We can solve this problem, by figure out:
if the k th stick is put in i th position, what is the expected ray-length of this stick.
then the problem can be solve by adding up all the expected length for all sticks in all positions.
Let expected[k][i] be the expected ray-length of k th stick put in i th position, let num[k][i][length] be the number of permutations that k th stick put in i th position with ray-length equals to length, then
expected[k][i] = sum( num[k][i][length] * length ) / N!
How to compute num[k][i][length]? For example, for length=3, consider the following graph:
...GxxxI...
Where I is the position, 3 'x' means we need 3 sticks that are strictly lower then I, and G means we need a stick that are at least as high as I.
Let s_i be the number of sticks that are smaller then the k th the stick, and g_i be the number of sticks that are greater or equal to the k th stick, then we can choose any one of g_i to put in G position, we can choose any length of s_i to fill the x position, so we have:
num[k][i][length] = P(s_i, length) * g_i * P(n-length-1-1)
In case that all the positions before I are all smaller then I, we don't need a greater stick in G, i.e. xxxI...., we have:
num[k][i][length] = P(s_i, length) * P(n-length-1)
And here's a piece of Python code that can solve this problem:
def solve(n, ys):
ret = 0
for y_i in ys:
s_i = len(filter(lambda x: x < y_i, ys))
g_i = len(filter(lambda x: x >= y_i, ys)) - 1
for i in range(n):
for length in range(1, i+1):
if length == i:
t_ret = combination[s_i][length] * factorial[length] * factorial[ n - length - 1 ]
else:
t_ret = combination[s_i][length] * factorial[length] * g_i * factorial[ n - length - 1 - 1 ]
ret += t_ret * length
return ret * 1.0 / factorial[n] + n
This is the same question as https://cs.stackexchange.com/questions/1076/how-to-approach-vertical-sticks-challenge and my answer there (which is a little simpler than those given earlier here) was:
Imagine a different problem: if you had to place k sticks of equal heights in n slots then the expected distance between sticks (and the expected distance between the first stick and a notional slot 0, and the expected distance between the last stick and a notional slot n+1) is (n+1)/(k+1) since there are k+1 gaps to fit in a length n+1.
Returning to this problem, a particular stick is interested in how many sticks (including itself) as as high or higher. If this is k, then the expected gap before it is also (n+1)/(k+1).

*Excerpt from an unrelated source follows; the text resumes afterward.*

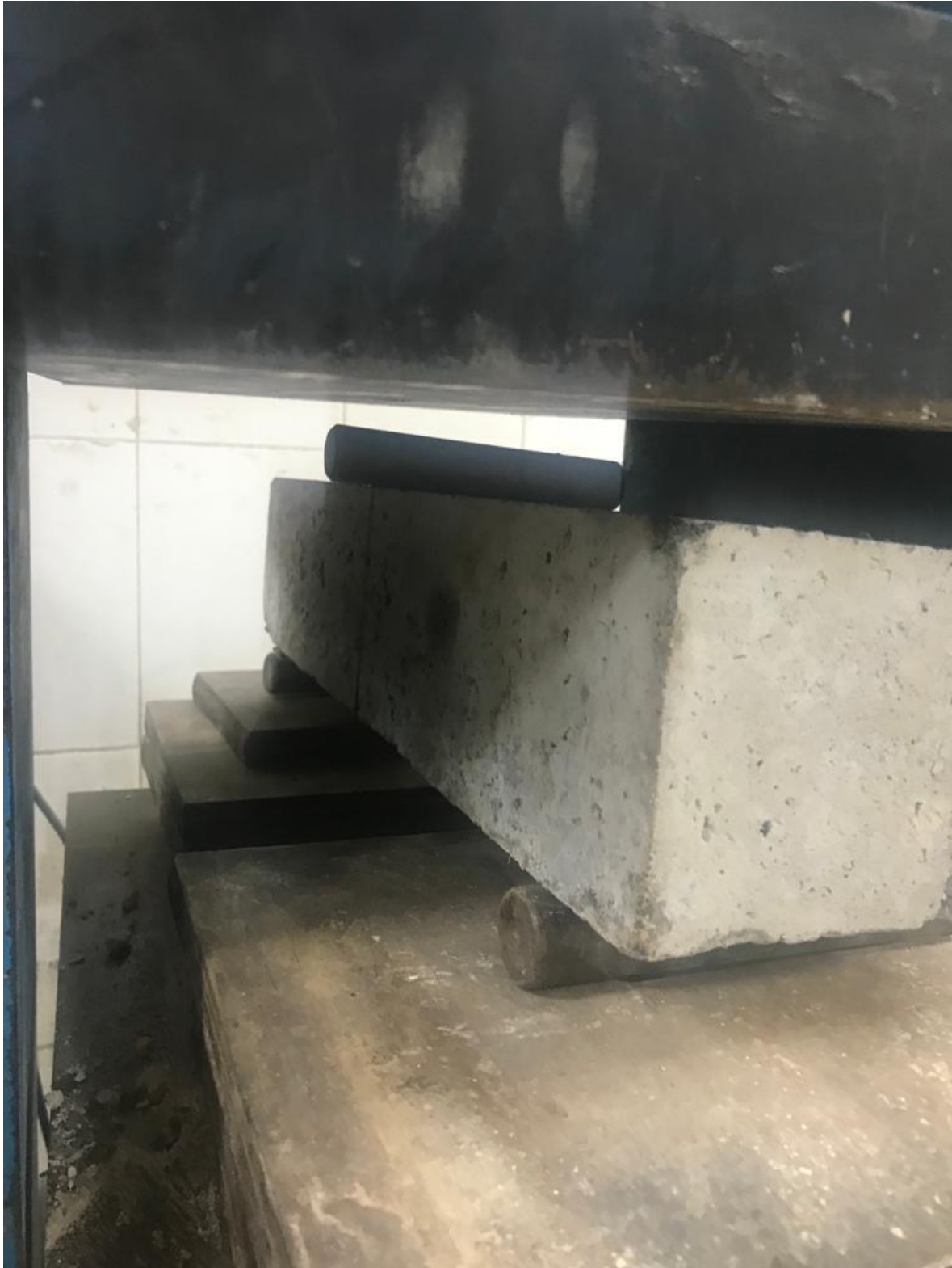
Figure S12: Test setup for Flexural strength
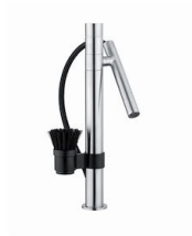
Mixer Tap Bert

So the algorithm is simply to find this value for each stick and add up the expectation. For example, starting with heights of 3,2,5,3,3,4,1,2, the number of sticks with a greater or equal height is 5,7,1,5,5,2,8,7 so the expectation is 9/6+9/8+9/2+9/6+9/6+9/3+9/9+9/8 = 15.25.
This is easy to program: for example a single line in R
V <- function(Y){(length(Y) + 1) * sum(1 / (rowSums(outer(Y, Y, "<=")) + 1) )}
gives the values in the sample output in the original problem
> V(c(1,2,3))
[1] 4.333333
> V(c(3,3,3))
[1] 3
> V(c(2,2,3))
[1] 4
> V(c(10,2,4,4))
[1] 6
> V(c(10,10,10,5,10))
[1] 5.8
> V(c(1,2,3,4,5,6))
[1] 11.15
As you correctly, noted we can solve problem independently for each stick.
Let F(i, len) is number of permutations, that ray from stick i is exactly len.
Then answer is
(Sum(by i, len) F(i,len)*len)/(n!)
All is left is to count F(i, len). Let a(i) be number of sticks j, that y_j<=y_i. b(i) - number of sticks, that b_j>b_i.
In order to get ray of length len, we need to have situation like this.
B, l...l, O
len-1 times
Where O - is stick #i. B - is stick with bigger length, or beginning. l - is stick with heigth, lesser then ith.
This gives us 2 cases:
1) B is the beginning, this can be achieved in P(a(i), len-1) * (b(i)+a(i)-(len-1))! ways.
2) B is bigger stick, this can be achieved in P(a(i), len-1)*b(i)*(b(i)+a(i)-len)!*(n-len) ways.
edit: corrected b(i) as 2nd term in (mul)in place of a(i) in case 2.